The conducted tests demonstrate that protein load (as a simulation of organic contamination), short exposure time, and relatively low temperatures (of the working solution, treated object, and environment) are all critical factors that can significantly reduce efficacy of disinfectants. Therefore, thorough mechanical pre-cleaning of surfaces and strict adherence to recommendations, including those on exposure time and temperature regime, is still of great importance for practice, which agrees with published literature [17].

CONCLUSION

During experiment stage 1 (in porcine spleen cell culture) all the 12 tested disinfectants exhibited virucidal activity against ASFV reference strain Arm 07, which confirms in vitro efficacy and absence of cytotoxic effects, if the recommended concentrations and exposure time are complied with.

During experiment stage 2 (on concrete test surfaces with or without simulation of organic contamination), only 9 out of 12 disinfectants were effective, which underscores the need for comprehensive studies to assess the virucidal activity of disinfectants using various test objects.

To optimize composition of disinfectants in order to increase their efficacy against ASF pathogen, we consider it advisable to use glutaraldehyde at a minimum concentration of 0.05%, potassium peroxymonosulfate at a minimum concentration of 0.5%.

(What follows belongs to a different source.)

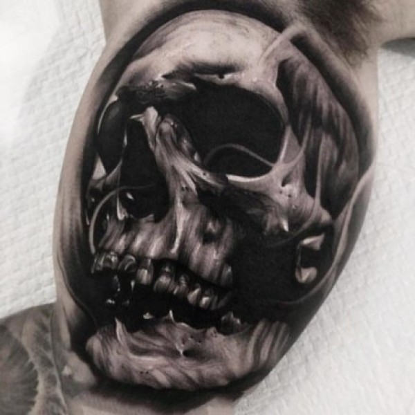 欧美黑灰小图人物骷髅眼睛写实肖像纹身

The experimentally confirmed impact of organic contaminants on disinfectant virucidal efficacy shows that for practical purposes it is extremely important to thoroughly clean surfaces and select the most effective products for both disinfection and washing. In addition, it is necessary to account for other factors, including a composition and concentration of active ingredients that are effective against the specific pathogen, ambient air temperature, temperature of treated surfaces, temperature of the disinfectant working solution, exposure time, drying parameters and other relevant variables.

Application of those commercial disinfectants with the unknown virucidal activity against ASF pathogen increases the risk of undermining substantial efforts invested in preventive and eradication measures. Therefore, there is a need to introduce relevant regulatory framework on testing commercial disinfectants for their efficacy against currently circulating pathogens of infectious diseases listed in the instruction for use.